Sponsor's own description
Background and rational: A large number of instruments exists to assess upper limb prosthetic function. However, they differ substantially in terms of psychometric properties and content. Furthermore, there is no "gold standard" and nearly every single center uses a unique set of instruments. This fact prevents the linking of the commonly small (due to the limited number of patients in each center) data sets of different centers and makes comparisons between different fittings or treatment protocols difficult. To generate accepted evidence, we need large data sets with similar outcomes. With remarkable progress made in prosthetic research and rehabilitation in the recent years, the need to evaluate the impact of this intervention on daily life, including productivity, self-care and leisure becomes increasingly relevant.

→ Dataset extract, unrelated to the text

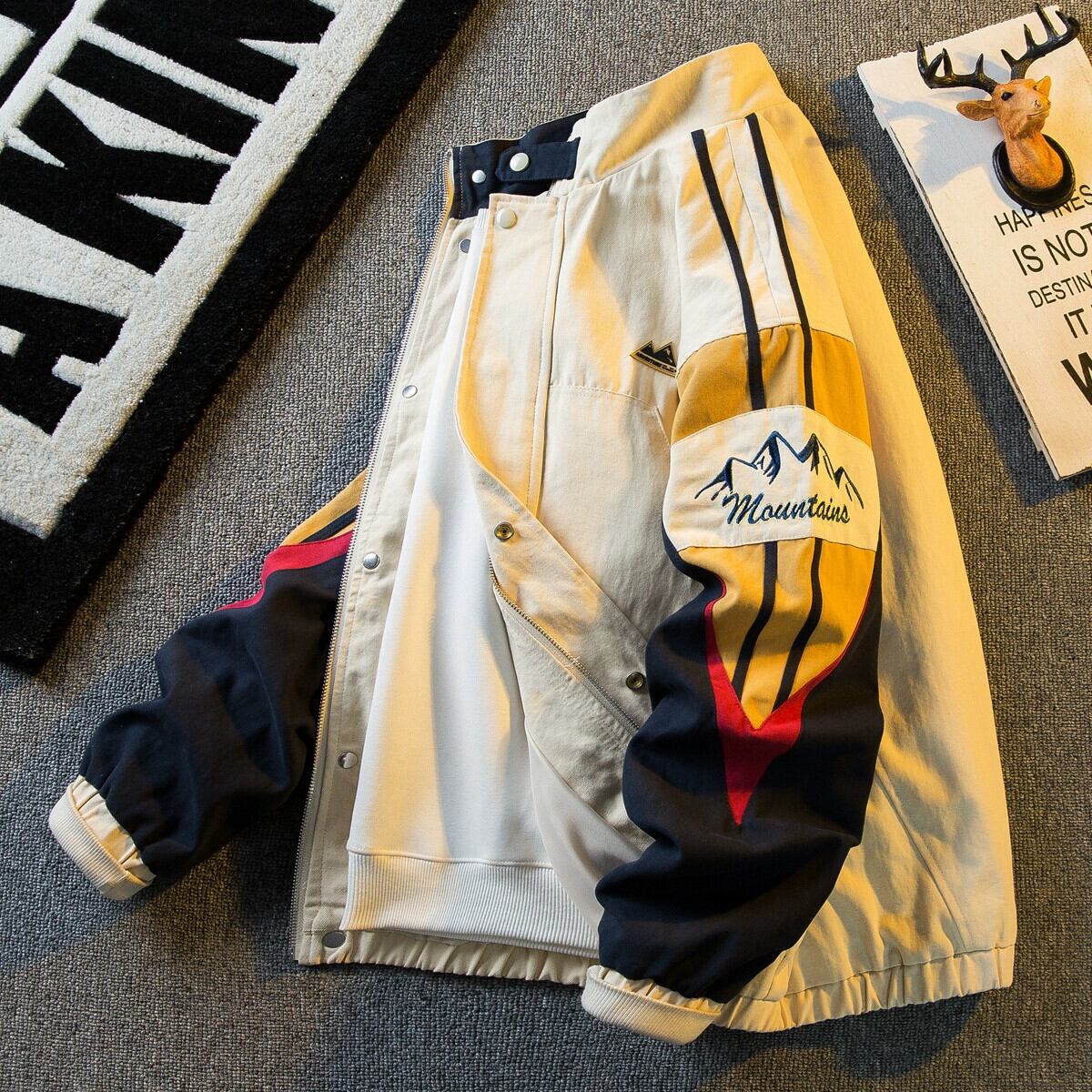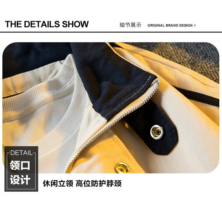 Hengpai トレンディなアメリカのトレンディなブランドスタンドカラーコントラストカラージャケットメンズ春秋マウンテンスタイルレトロメンズルーズワークウェアジャケット スプリング 春物 オータム 秋物 3381915970724354

Moreover, self-reported instruments and observation-based instruments exist, but there is a lack of data if, for example, the self-reported instrument (which is easier and less health-professional's-time-consuming to perform) could "replace" a performance or observation-based instrument. Therefore, the aim of this study is to determine psychometric properties of the existing instruments (SHAP, DASH, SF-36 and ACMC) in a large international data set, to explore possible linkage between self-reported and performance or observation-based instruments and to develop state-of-the art recommendations/points to consider on how to assess functioning in prosthetic care.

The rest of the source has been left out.